I might be mistaken, but I think the City of Ember series also crossed my path because of the book club, but again I might be mistaken. What I am certain about is the day my mom bought the second book in the series for me, The People of Sparks. On a bright and hot, but not humid summer day, my mom decided to treat me with some books. Taking the white minivan to Boarders, I be-lined for the children’s book section with my mom in tow. First we found the 3rd book in the Wrinkle in time series, and then next was the City of Ember series. Since I couldn’t remember the author’s name or what the second book in the series was called we looked it up on the desktop computer they had in the back.

The Summer

“Jeanne DuPrau,” my mom said. “Madeline L’Engle, Jeanne DuPrau. Why do all the others you read have such funny names?”
“I don’t know.” I said as I scoured the row for the book. The cover was gorgeous. At this point, I had already fallen in love with the color blue and the sparkle of stars in the dark blue sky with a green leaved ‘S’ just pique my interest even more.
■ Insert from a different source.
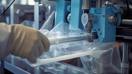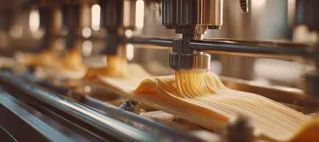 Close-up image of fresh pasta being extruded and cut by automated machines on a stainless steel production line. The warm, appetizing tone highlights the precision of modern food manufacturing.

On the way home, I started reading the book. My dad and younger sister and brother had been working on setting up the blowup kid pool on the deck. They hurried me out onto the deck to show me their progress; they were done. But I had no desire to get in. I merely sat down at the side of the kid pool and continued reading my book. Later in the year my dad read the third book to me and we named houses in our neighborhood after those in the book. Driving past those houses, even now, reminds me of the summer and nights spent reading about how the end of the world was approaching and what humans were doing to prepare.



The Sherwood Ring

The Time

The reason I wrote, “There was no more perfect of a book for me that year,” about Mara Daughter of the Nile is that another book exists that was also made for me. Before I had an obsession with ancient Egypt, I loved the Revolutionary War. I used to say that if you could have a favorite war*, mine would be the Revolutionary War.  Although this isn’t the oddest feature about my younger self, I still feel somewhat obliged to explain it.  On PBS, the only tv channel besides the local news that the TV’s antenna could catch, there was a show called Liberty’s Kids. It followed the adventures of James, Sarah, and Henri as they worked for Benjamin Franklin’s newspaper reporting on all the happenings on during the Revolutionary War. Therefore, when I learned that a significant portion of this book takes place during the Revolutionary War, I couldn’t wait to start reading it.

The Ride

However, it took a bit to learn that. The title was lackluster, especially once I remembered that The Lord of the Rings was the famous book series and not The Sherwood Ring. As I read the book, it picked up steam slowly like a rollercoaster, there was a slow buildup, up, up, up and then before you knew it you were on a crazy ride. Unexpected loop-da-loops and sudden changes of pace were common, but I was never bored while reading it. Undeniably I was impatient for the next revelation in the hunt for Sherwood, but definitely never bored.

The Words

I find it interesting that despite how much emotional value to this book, I find myself unable to say much about it. I’ll say this. Imagine one of those perfect pictures, that of a field of flowers, impossible snow covered mountain peaks, or a sunset over a beach with a painted sky. Float a quote about my feelings being too deep for words something to the effect of “My thoughts are starts I cannot fathom into constellations”. ** Make it the perfect thing to share on social media. That is how I feel about this book, though I will fully admit it has no genius literary value. It will never be a classic. Elizabeth Marie Pope is not an undiscovered Shakespeare that I will bring to light with this post, but she is an author who wrote a story that I carry with me everywhere I go and that I will love for all its too perfect romance and cheesy happy ending until forever.



Notes:
*I wasn’t sure it was conscionable to have one
** John Green The Fault in Our Stars

Sources:
City of Ember Series. 2003, 2004, 2006, and 2008. Editions.